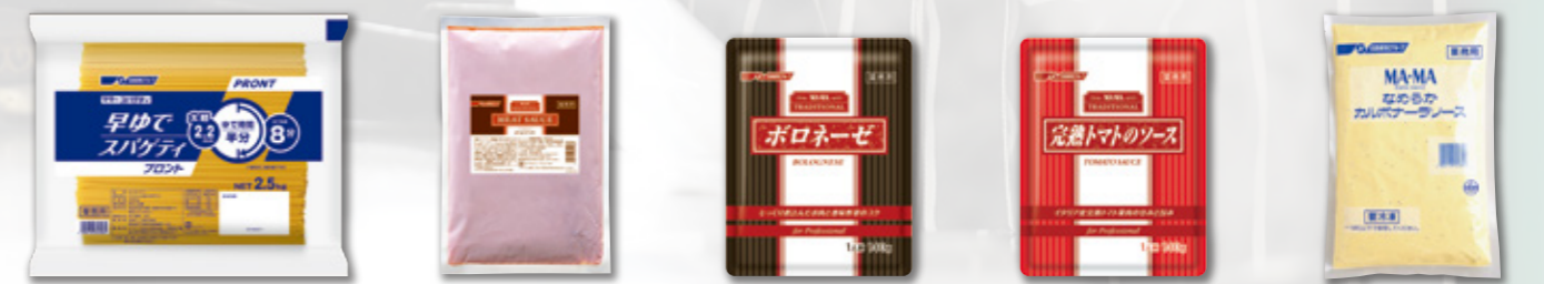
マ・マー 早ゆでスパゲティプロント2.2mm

::::

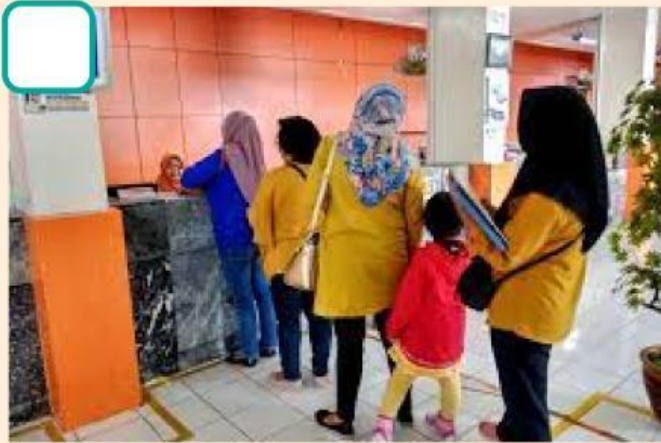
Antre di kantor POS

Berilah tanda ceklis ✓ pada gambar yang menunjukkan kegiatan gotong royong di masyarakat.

::::

*Task*: Write down again, exactly as given, only the lines above that fall from the line with "Antre di kantor POS" to the line with "Berilah tanda ceklis", inclusive.

*Answer to this exercise*:
Antre di kantor POS

Berilah tanda ceklis ✓ pada gambar yang menunjukkan kegiatan gotong royong di masyarakat.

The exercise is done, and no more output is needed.